[Exercise brief] The required output is the exact run of lines from the one bearing "한참을 내려오니 표식이" through the final line of the listing below, with the pictures removed.
|---|
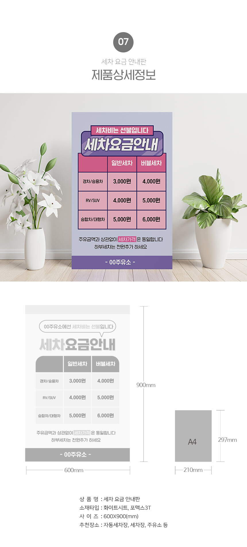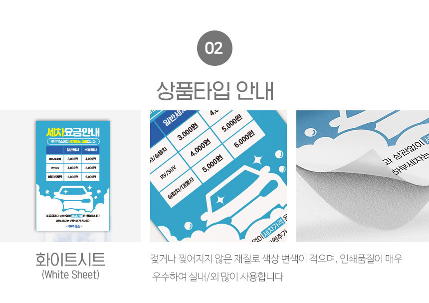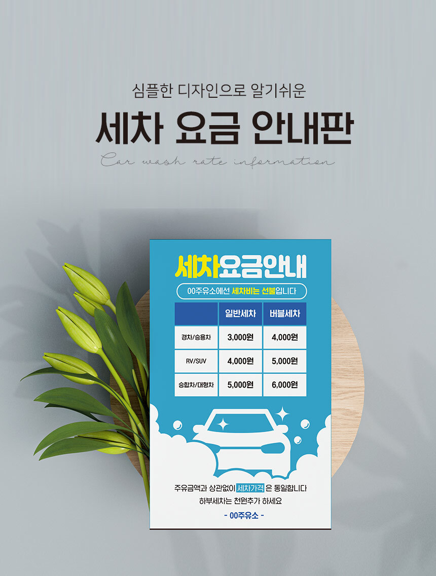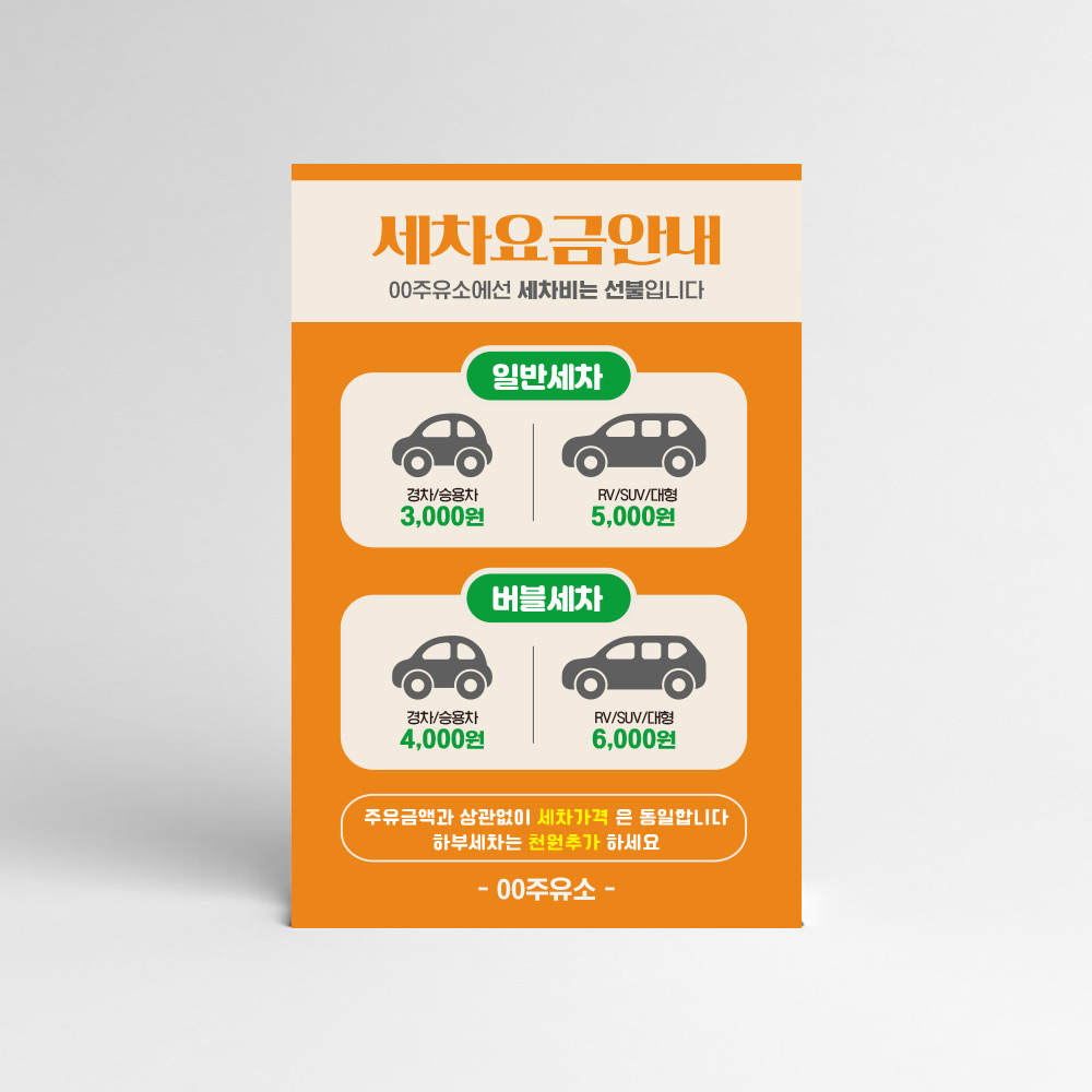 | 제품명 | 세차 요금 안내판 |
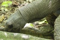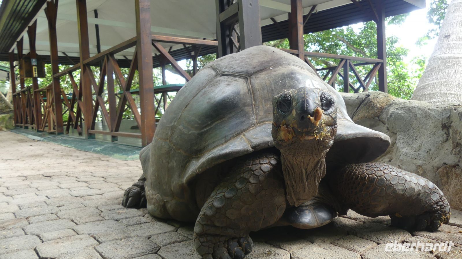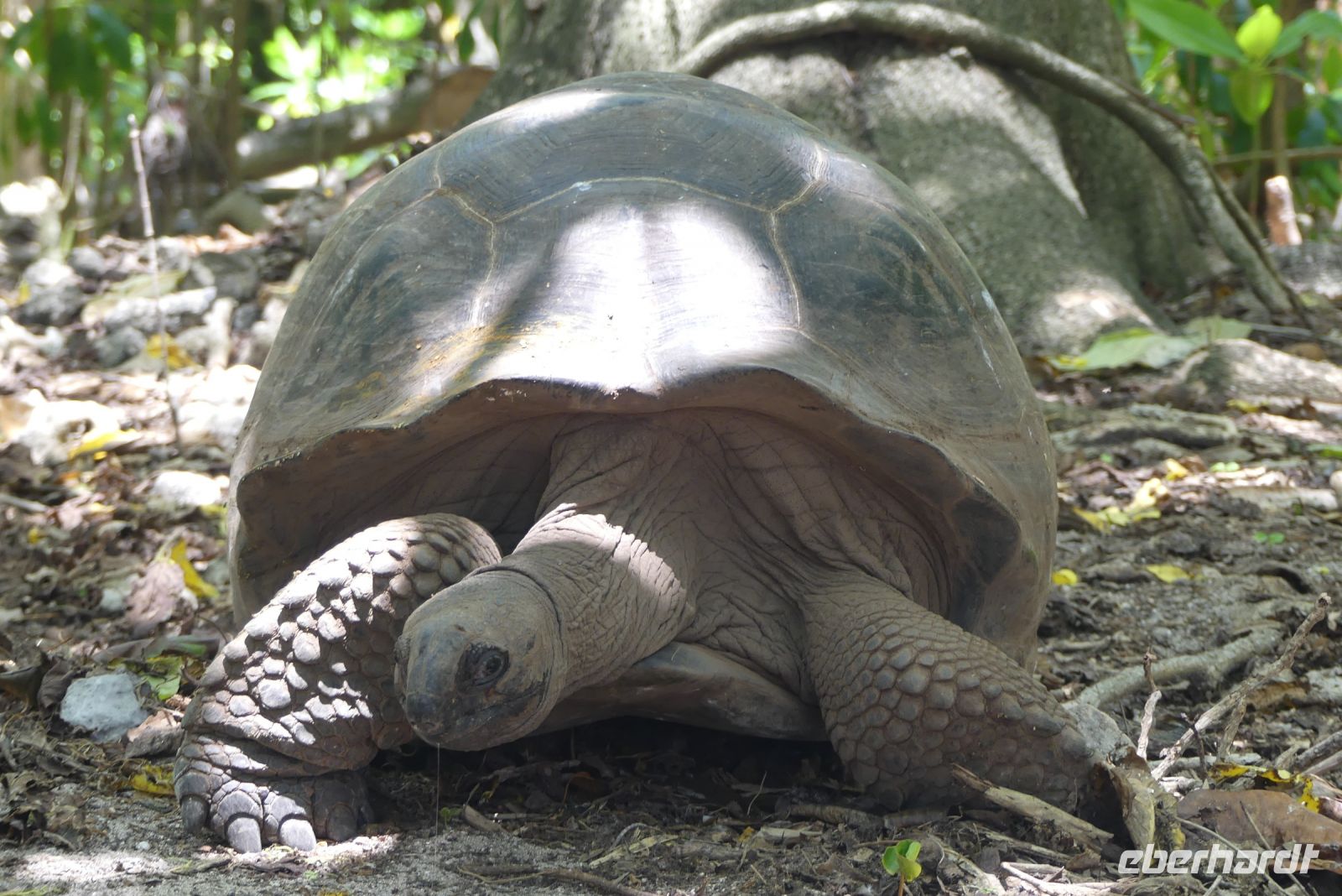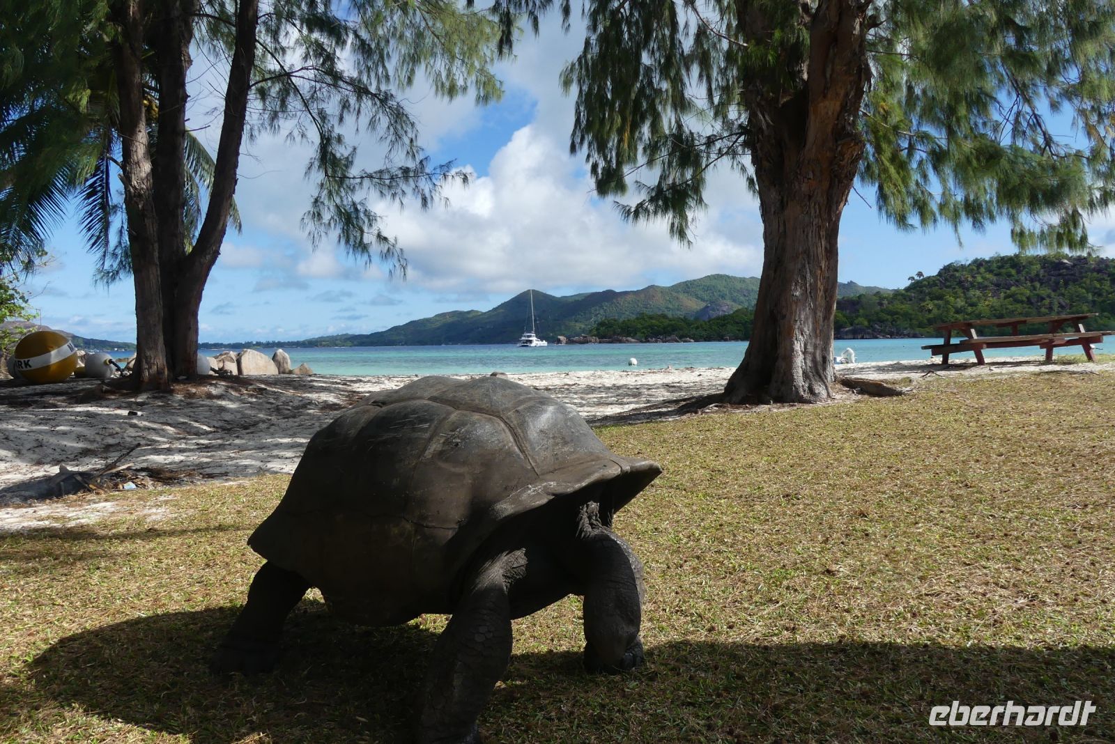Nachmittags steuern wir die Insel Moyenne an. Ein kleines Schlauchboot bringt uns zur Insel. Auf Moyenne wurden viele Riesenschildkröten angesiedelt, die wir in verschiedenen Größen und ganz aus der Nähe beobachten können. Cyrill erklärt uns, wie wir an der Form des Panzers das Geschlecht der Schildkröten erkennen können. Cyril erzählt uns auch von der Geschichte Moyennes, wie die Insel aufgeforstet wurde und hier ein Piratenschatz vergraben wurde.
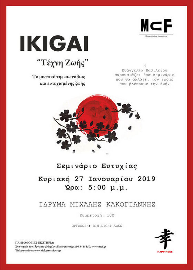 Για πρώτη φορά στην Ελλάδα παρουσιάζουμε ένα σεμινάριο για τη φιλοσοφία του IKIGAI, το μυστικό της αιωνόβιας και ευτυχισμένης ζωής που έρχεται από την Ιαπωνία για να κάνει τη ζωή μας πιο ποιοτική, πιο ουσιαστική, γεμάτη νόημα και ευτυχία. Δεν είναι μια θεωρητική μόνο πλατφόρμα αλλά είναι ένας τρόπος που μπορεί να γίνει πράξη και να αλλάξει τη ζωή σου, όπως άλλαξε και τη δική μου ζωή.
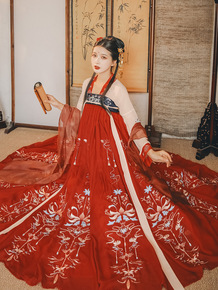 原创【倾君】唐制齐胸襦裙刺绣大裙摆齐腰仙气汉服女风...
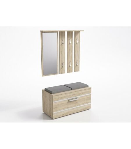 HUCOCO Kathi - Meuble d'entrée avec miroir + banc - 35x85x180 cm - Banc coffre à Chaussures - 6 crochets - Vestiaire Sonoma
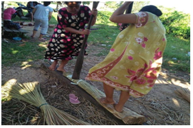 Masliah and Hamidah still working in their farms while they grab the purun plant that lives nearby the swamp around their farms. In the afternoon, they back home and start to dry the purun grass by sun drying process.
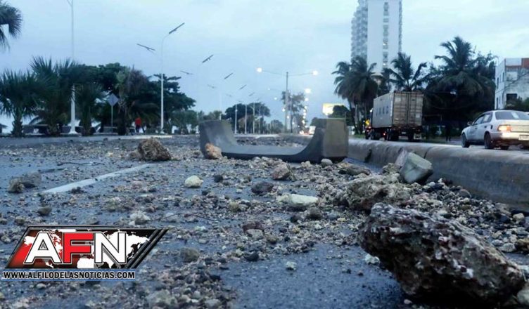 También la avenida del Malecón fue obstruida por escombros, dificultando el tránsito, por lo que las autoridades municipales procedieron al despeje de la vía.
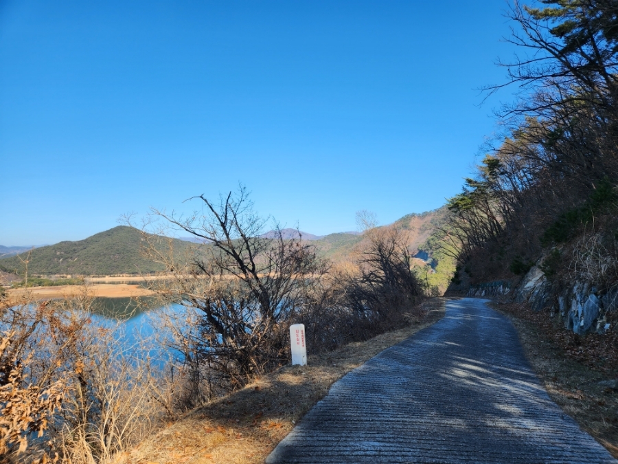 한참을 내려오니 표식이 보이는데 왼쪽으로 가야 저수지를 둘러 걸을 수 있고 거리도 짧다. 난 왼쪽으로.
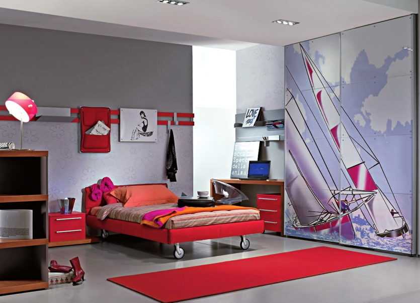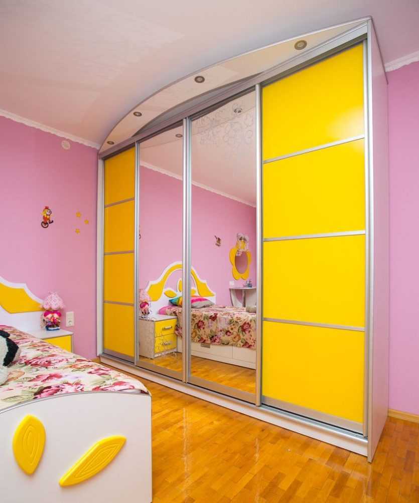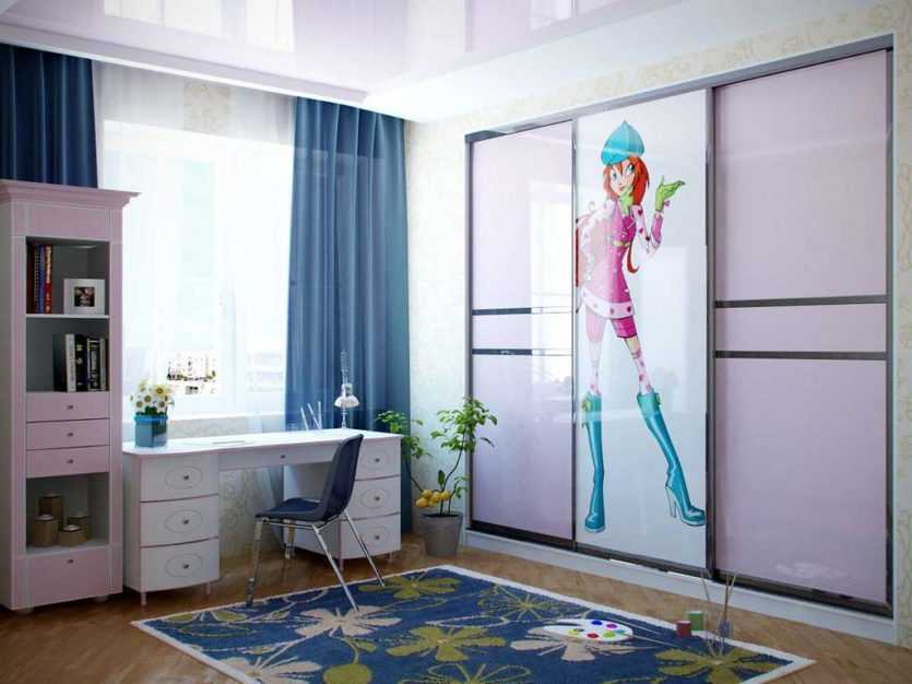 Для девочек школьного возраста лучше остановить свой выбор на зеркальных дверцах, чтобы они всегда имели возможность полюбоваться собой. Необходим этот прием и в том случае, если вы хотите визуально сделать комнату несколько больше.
|---|
[Output for this task]
 한참을 내려오니 표식이 보이는데 왼쪽으로 가야 저수지를 둘러 걸을 수 있고 거리도 짧다. 난 왼쪽으로.
 Для девочек школьного возраста лучше остановить свой выбор на зеркальных дверцах, чтобы они всегда имели возможность полюбоваться собой. Необходим этот прием и в том случае, если вы хотите визуально сделать комнату несколько больше.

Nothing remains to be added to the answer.